Diversity in Film: The media reacts
Last week we talked about Hollywood’s (ongoing) diversity problem in context to Rupert Murdoch’s and Ridley Scott’s outright offensive attitudes regarding the whitewashing controversy surrounded Exodus: Gods & Guyliner. This week, we’re taking a look how the media covers stories like this. I don’t want to hold the media up as some kind of noble crusader—though it has its moments—but the conversation around race and diversity, especially right now in the US, is more often than not driven by narratives shaped by the media. I recognize my place is in the back of the classroom, throwing spitballs at teacher, but it’s important to not only hold up the studios who make the movies for scrutiny but the media outlets who cover them. After all, Murdoch owns a movie studio AND a news network.
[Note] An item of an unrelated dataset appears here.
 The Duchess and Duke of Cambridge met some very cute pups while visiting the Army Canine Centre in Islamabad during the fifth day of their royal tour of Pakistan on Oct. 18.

So let’s start in Murdoch’s house. I visited Fox News’s website and searched for Exodus/Exodus: Gods & Kings/whitewashing/casting controversy—I put in key word searches six ways to Sunday and got only three results: This video about faith-based films, this article about Christian Bale, and this actually-relevant, Spanish-language article about the history of whitewashing in Hollywood. It’s not surprising the coverage is so thin, given the protective self-interest of the company in particular and Murdoch’s blasé attitude toward this topic in general.
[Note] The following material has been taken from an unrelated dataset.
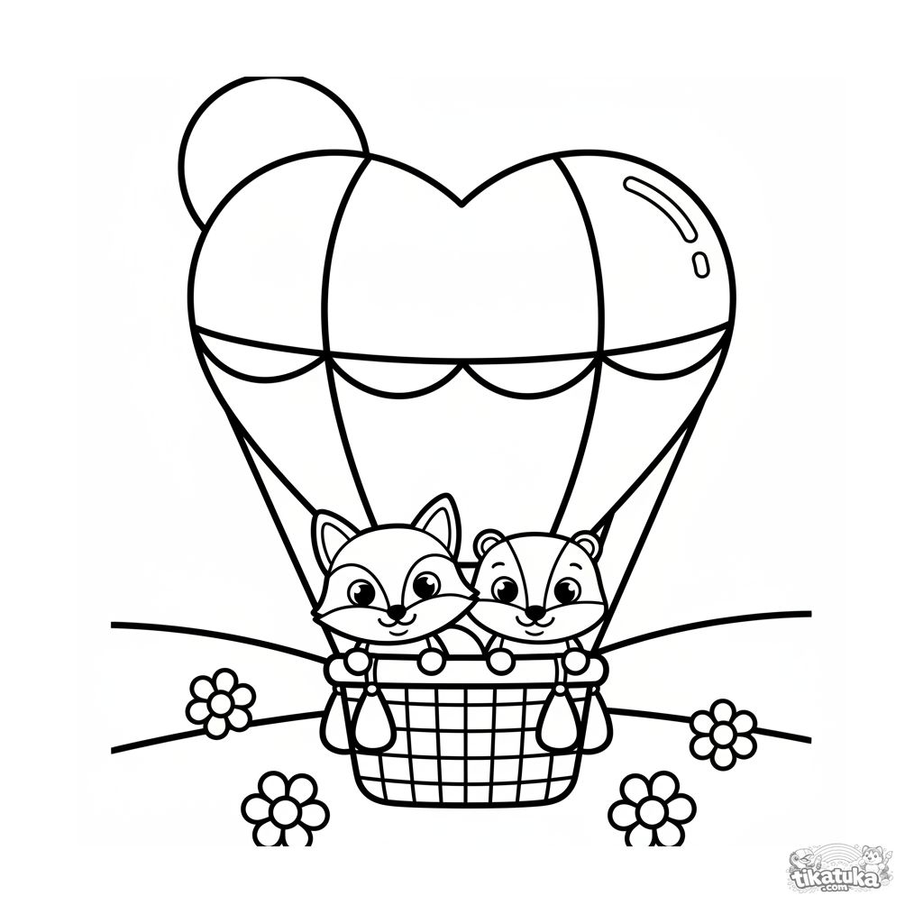 Простая раскраска для малышей: воздушный шар в форме сердца летит над цветущим лугом на закате. В корзине — улыбающиеся лиса и барсук. Крупные формы, толстые контуры.

It’s a good thing, then, that this has been a big story for other news outlets. A Google search of just “Exodus movie” yields dozens of results about the casting controversy, right off the top. The coverage ranges from Twitter hashtag #boycottExodusmovie to moderate articles examining issues to stuff like this awesomely pissed-off piece from David Dennis, Jr. The prevalent sentiment outside Fox News is a resounding “WTF, you guys.”
And that’s generally the case across the board. John Boyega, a black English actor, is the first face we see in New New Star Wars, and there’s by far more coverage given to his most excellent response to people being a bag of dicks about the existence of a black stormtrooper than there is to the garbage people bitching in the first place. Similarly, when Idris Elba was cast as Heimdall in the Thor movies and some garbage people complained, the response was “Racist morons are racist morons, more news at eleven.”
Not too long ago, the conversation around Exodus would have been, for the most part, a justification of the status quo. There would have been statistics backing up the idea that white actors sell best, and really, no one knows FOR SURE what Ancient Egyptians looked like (except that we have a bunch of statues and death masks and mummies which strongly suggest “not six-foot-tall western European people”). But now the stats are about how profitable diverse casting is, how many popular franchises are diversifying, and how it was bullsh*t back when and it’s REALLY bullsh*t now.
We can’t let stuff like this off the hook. The more uncomfortable it is for the filmmakers who make this kind of decision, the less likely they are to keep making it. I hope Ridley Scott’s press tour for Exodus is a nightmare. I hope every interviewer brings up the casting and I hope his press junkets are days spent in hell, parceled out in three minute increments, as he must answer, over and over, for his decision. The media can put a spotlight on a problem and force a conversation, and it’s important that they do so. But ultimately, the real power lies with the audience. More on that later.
(Lainey: go see Chris Rock’s Top Five instead this weekend!)